Background

The number of older adults is increasing in virtually every country and will continue to grow over the coming decades. According to the 2018 Ageing Report, by 2050 older adults will represent 28% of the European Union citizens with an old-age dependency ratio of 55% of the working-age population [1]. With an ageing and highly dependent society the burden of infectious diseases is expected to increase mainly due to a high prevalence of older people with comorbid conditions, long-term institutionalization, frailty and a weakened immune system [2]. Infections in the older adults have specific characteristics that have to be recognised in order to provide an optimal care such as uncommon clinical presentations, high rates of organ failure and antimicrobial interactions together with an increased severity and risk of infections caused by multidrug-resistant organisms (MDRO) [2].

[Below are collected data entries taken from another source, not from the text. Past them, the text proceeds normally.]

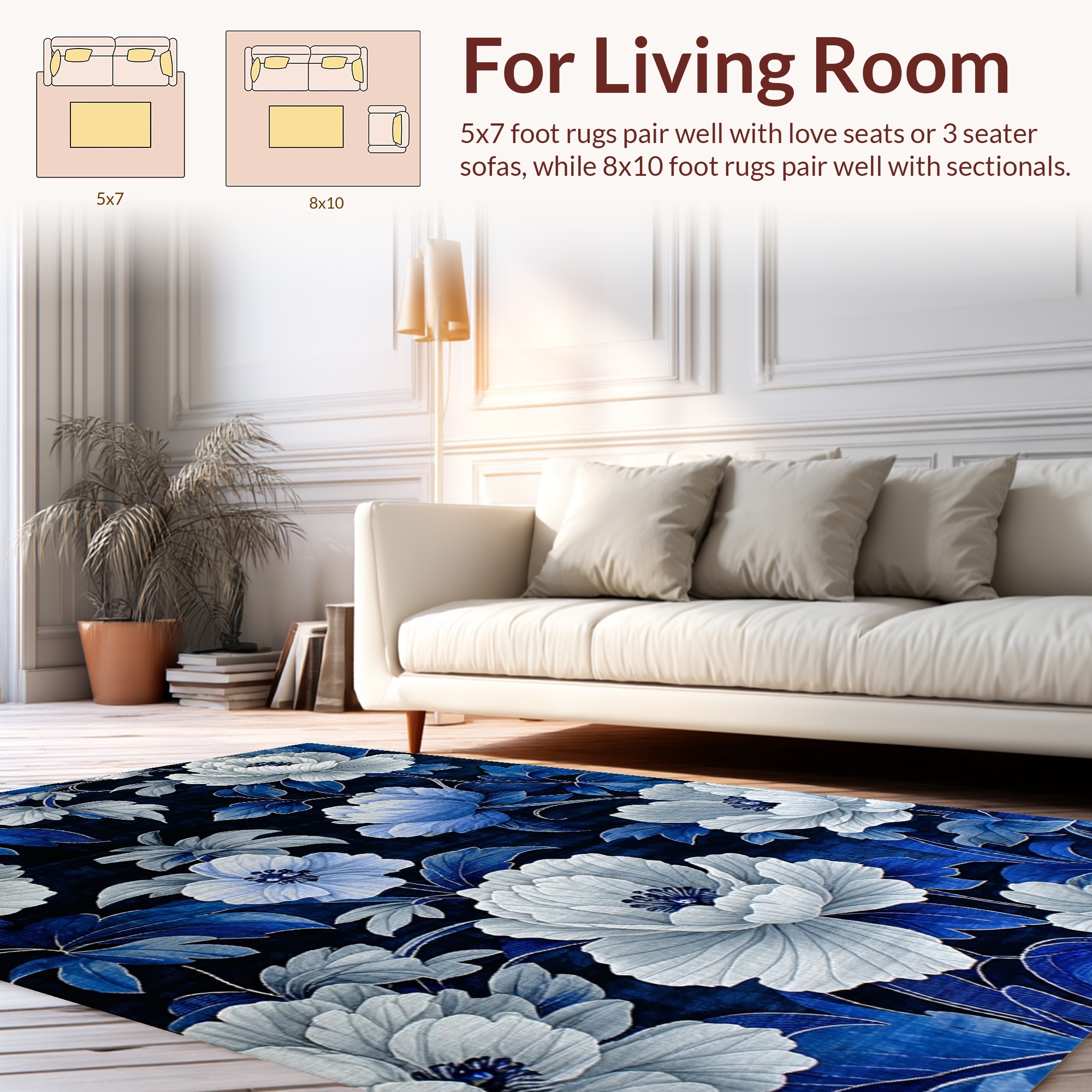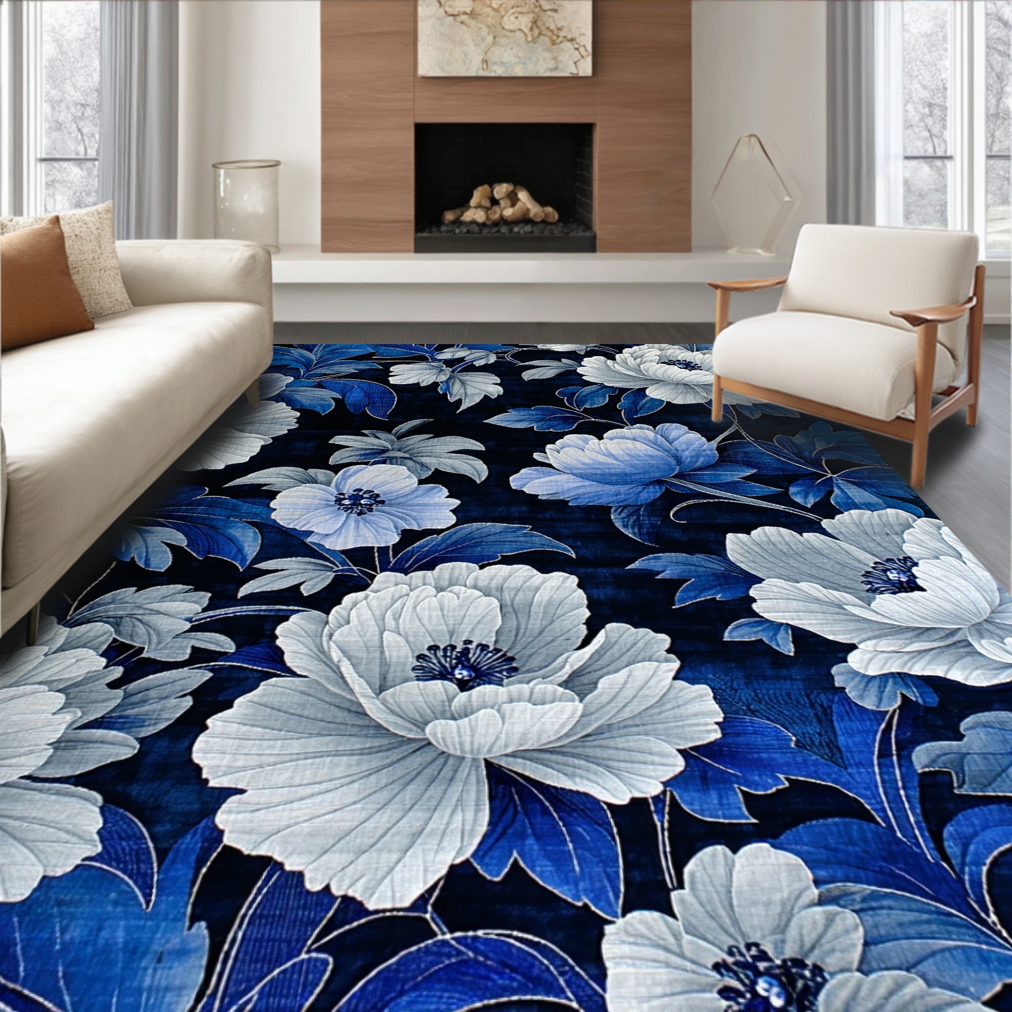 Elegant Blue-White Floral Rug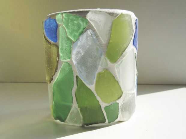 - hacer un mosaico en una hoja de mesa o un florero, rellenar las juntas con lechada y lavar
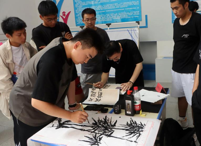 墨香致远,意韵悠长。书画展吸引了众多师生前来观展,现场气氛热烈高涨。展览场地,更设有现场创作区,同学们即兴挥毫,现场创作书画艺术作品,黑墨白纸间感受笔墨丹青的独特魅力,浸润的是优秀胡杨文化,续写的是青年人对祖国的美好祝愿。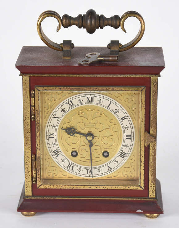 Relógio de mesa da marca "LUXOR", caixa de madeira na cor vinho e metal dourado, pega na parte superior.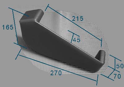 ニーパッド・ドアポケット ¥14、500 ニーパッド効果のあるドアポケット 運転席右側(助手席側は受注後対応) 11R/21R、共用 内張りを外し、木ビス止め(内張り穴あけ必要) 材質 アルミ+木枠 ビニールレザー巻き仕上げ 注意:シート形状によってはスライド時に干渉します コンソール右側下部分にパーツ等有りますと干渉する場合が有ります(装着例参照) 寸法図 装着例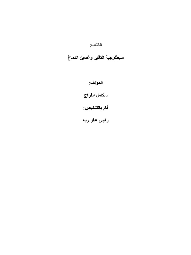 غسيل الدماغ 1 مفهوم غسيل الدماغ وتعريفه. غسيل الدماغ سلاح من أسلحة الحرب النفسي ة يرمي إلى السيطرة على العقل البشري وتوجيهه بغايات مرسومة بعد أ. حكم عن العقل إن الارادة هي ذلك.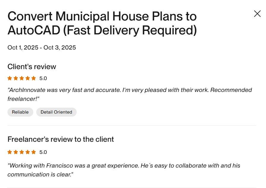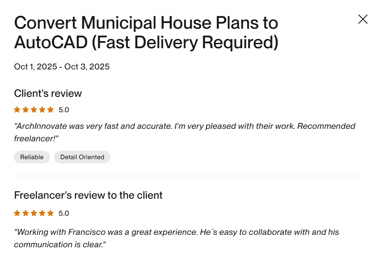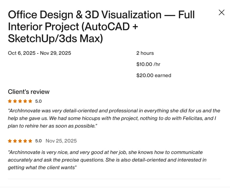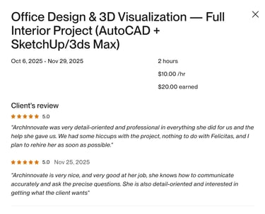 With a strong portfolio of successfully executed projects, Archinnovate is building reputation through the Upwork platform, ensuring transparency, efficiency, and complete client confidence. Each project is handled with a commitment to quality, punctuality, and clear communication, supported by Upwork’s secure and reliable work environment.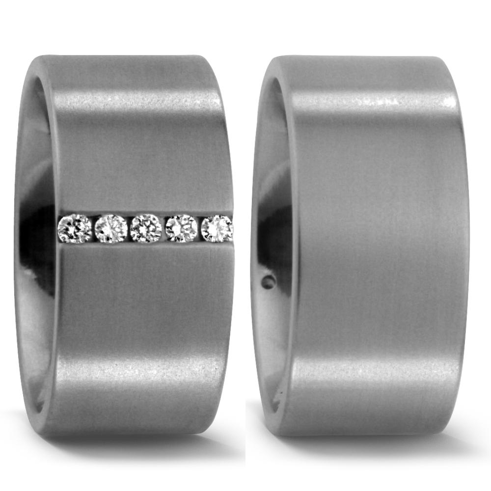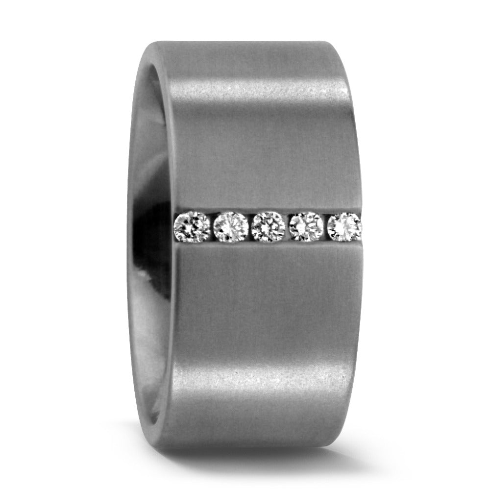 Moderner Damen-Partnerring aus robustem Titan mit mattem Finish. Der breite Ring ist mit fünf funkelnden Diamanten besetzt, die eleganten Glanz und Stil verleihen. Perfekt für zeitlose Eleganz und als Symbol für Verbundenheit. Hochwertig und langlebig.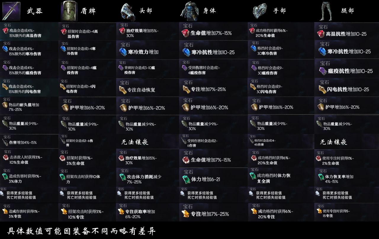 在聖城埃莉諾處,可以在武器和護甲上鑲嵌寶石。寶石的效果如下,圖片借用於黑盒“深巖集團底層礦工”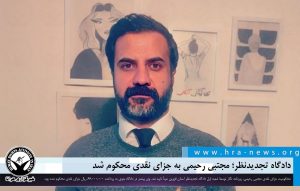 به گزارش خبرگزاری هرانا، ارگان خبری مجموعه فعالان حقوق بشر در ایران، دادگاه تجدیدنظر استان قزوین محکومیت مجتبی رحیمی به پرداخت جزای نقدی را عیناً تایید کرد.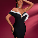 Off-Shoulder Bandage Dress with High Slit for an Elegant and Bold Style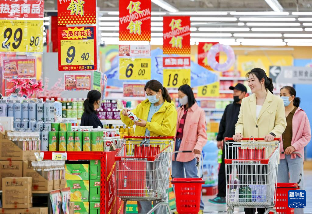 5月10日,消費(fèi)者在山東省棗莊市一家超市選購商品。新華社發(fā)(孫中喆攝)

Urinary tract infections (UTI) are one of the most common bacterial infections affecting geriatric patients and the main source of community acquired bacteremia [3, 4]. After pneumonia, UTI represent the second cause of hospital admission due to an infection in the older adults [5]. Despite their high frequency, UTI are frequently overdiagnosed due to the high prevalence of asymptomatic bacteriuria (ASB) in older populations which may lead to an incorrect diagnostic and unnecessary antimicrobial treatment in the presence of non-specific urinary symptoms [3, 6]. This increased exposure to antimicrobials is one of the main factors explaining the high prevalence of UTI due to MDRO in the older adults including those caused by extended-spectrum betalactamase (ESBL) producing Enterobacteriaceae [7, 8].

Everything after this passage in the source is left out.